Check me out getting all preachy! Back to the matter in hand. This salmon tasted immense. My brother said it’s one of the nicest salmon dishes he’s ever had. He doesn’t often compliment my food, so for him to say this was praise indeed. It’s a Fabulous Baker Brothers recipe with tiny alterations.

salmon en croute2

Ingredients

  • 500g of salmon fillet. No skin or bones
  • Large shallot or half a small onion
  • 4 Chestnut mushrooms
  • 2 handfuls of fresh spinach
  • Crème fraîche
  • Juice of half a lemon
  • 500g block of all butter puff pastry*
  • 1 egg, beaten

Method

  • First make the filling. Finely chop the shallot and gently fry in a knob of butter with the finely sliced mushroom.
  • Then add the spinach and wilt. Add the lemon juice and a table spoon of crème fraîche and a generous pinch of salt and pepper and stir in.
  • Once it has softened and mixed together, drain the lot in a sieve over a pan to catch the juices. With a wooden spoon, squeeze the juice out and save them for a sauce. Allow the filling to cool a bit.
  • In the meantime, take the salmon fillet and butterfly it open cutting across the width of the fillet so it opens up flat. Then add the filling and fold the fillet back as it was (except now with the filling running through it). Season both outsides of the fillet.
  • Roll out the pastry to 5mm thick, cut a piece that’ll fit your fillet with a 2.5-3cm border and place it onto grease proof paper on a baking tray.
  • Place the filled fillet on top and with a wet finger, moisten the rim. Then roll out a slightly larger piece for the top. This should cover the whole lot, seal it to the bottom bit of puff and try to minimise air bubbles/gaps. Trim the edges so that you have a rim around the fillet and crimp the edge with a fork.
  • With the pastry offcuts cut out a fish onto the surface and brush the whole lot with a beaten egg. Place in the fridge for 5 minutes and brush again with the egg (I came across this tip from Gordon Ramsey). Then bake the whole lot in a medium oven for about 25 minutes or until golden, and serve.
  • Use the spinach and lemon juice from earlier to make a sauce to go with the en croûte. Warm through with more crème fraîche and a glug of white wine (says the Baker Brothers. I just added a veggie stock cube and the water from the broccoli I had just cooked. Perfect gravy!)

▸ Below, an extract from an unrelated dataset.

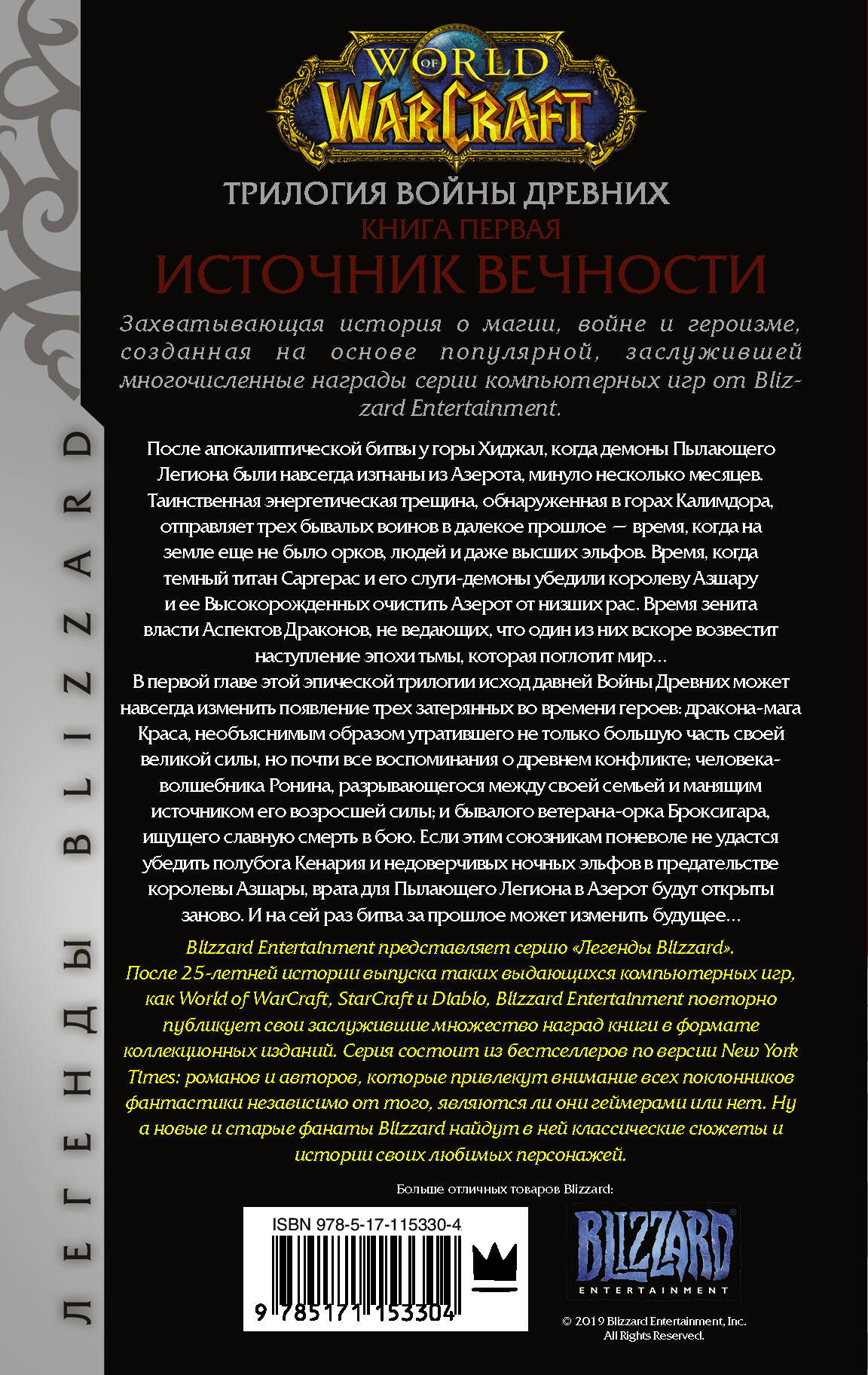 После апокалиптической битвы у горы Хиджал, когда демоны Пылающего Легиона были навсегда изгнаны из Азерота, минуло несколько месяцев. Таинственная энергетическая трещина, обнаруженная в горах Калимдора, отправляет трех бывалых воинов в далекое прошлое - время, когда на земле еще не было орков, людей и даже высших эльфов. Время, когда темный титан Саргерас и его слуги-демоны убедили королеву Азшару и ее Высокорожденных очистить Азерот от низших рас. Время зенита власти Аспектов Драконов, не ведающих, что один из них вскоре возвестит наступление эпохи тьмы, которая поглотит мир... В первой главе этой эпической трилогии исход давней Войны Древних может навсегда изменить появление трех затерянных во времени героев: дракона-мага Краса, необъяснимым образом утратившего не только большую часть своей великой силы, но почти все воспоминания о древнем конфликте; человека-волшебника Ронина, разрывающегося между своей семьей и манящим источником его возросшей силы; и бывалого ветерана-орка Броксигара, ищущего славную смерть в бою. Если этим союзникам поневоле не удастся убедить полубога Кенария и недоверчивых ночных эльфов в предательстве королевы Азшары, врата для Пылающего Легиона в Азерот будут открыты заново. И на сей раз битва за прошлое может изменить будущее...| Издательство | Издательство "АСТ" |
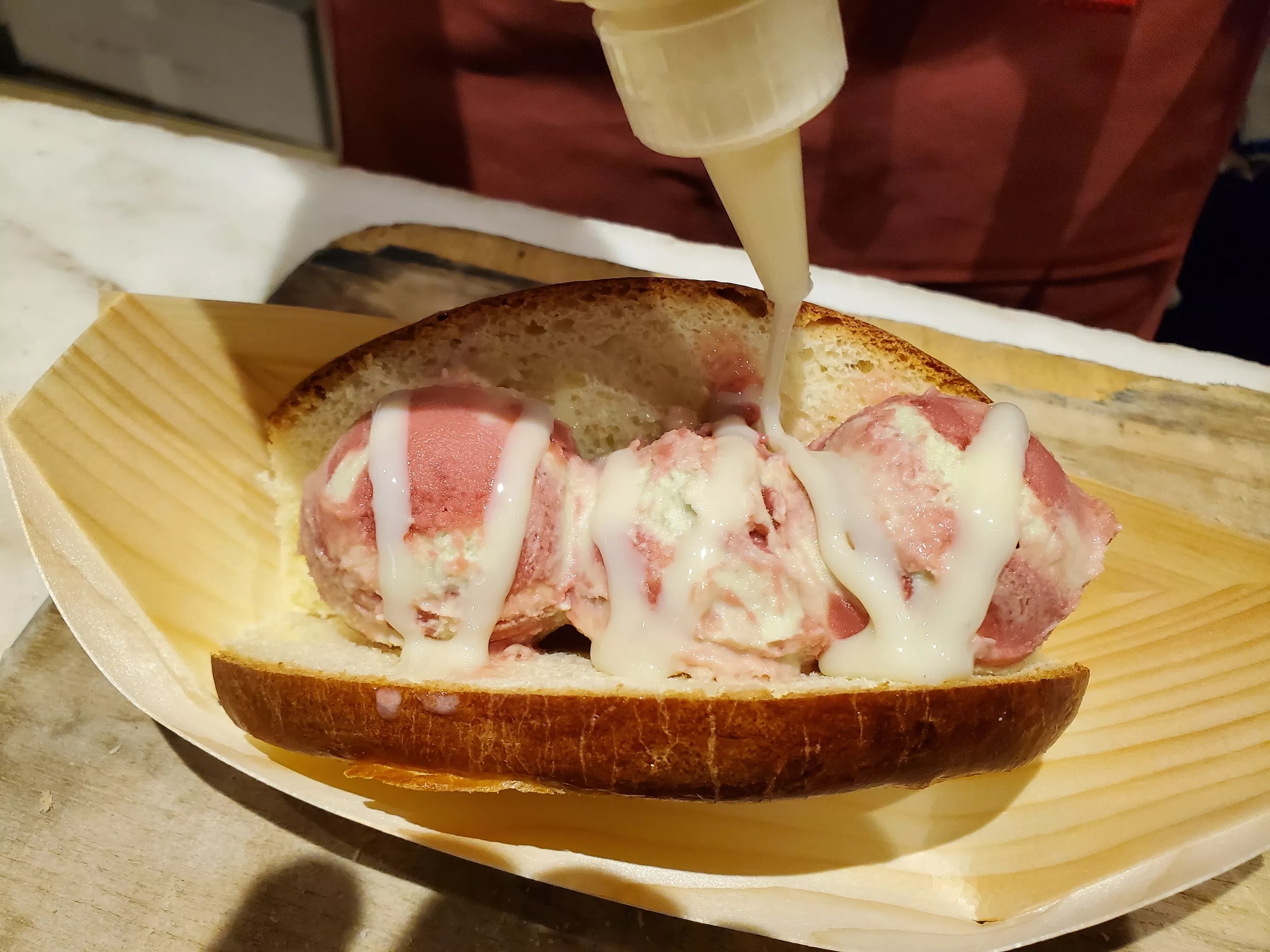 Drizzling condensed milk onto a Thai ice cream sandwich.

http://www.waitrose.com/content/waitrose/en/home/recipes/recipe_directory/l/the_fabulous_bakerbrotherssalmonencroute.html

*I used to always get the ready-rolled puff pastry. I used to always have soggy, flat, non-puff puff pastry. But after buying the block and rolling it, I had pastry success for the first time! Woo. I think the double-egging helped make it so flaky too. Thanks Gordon. You’re a d**k, but you know your food.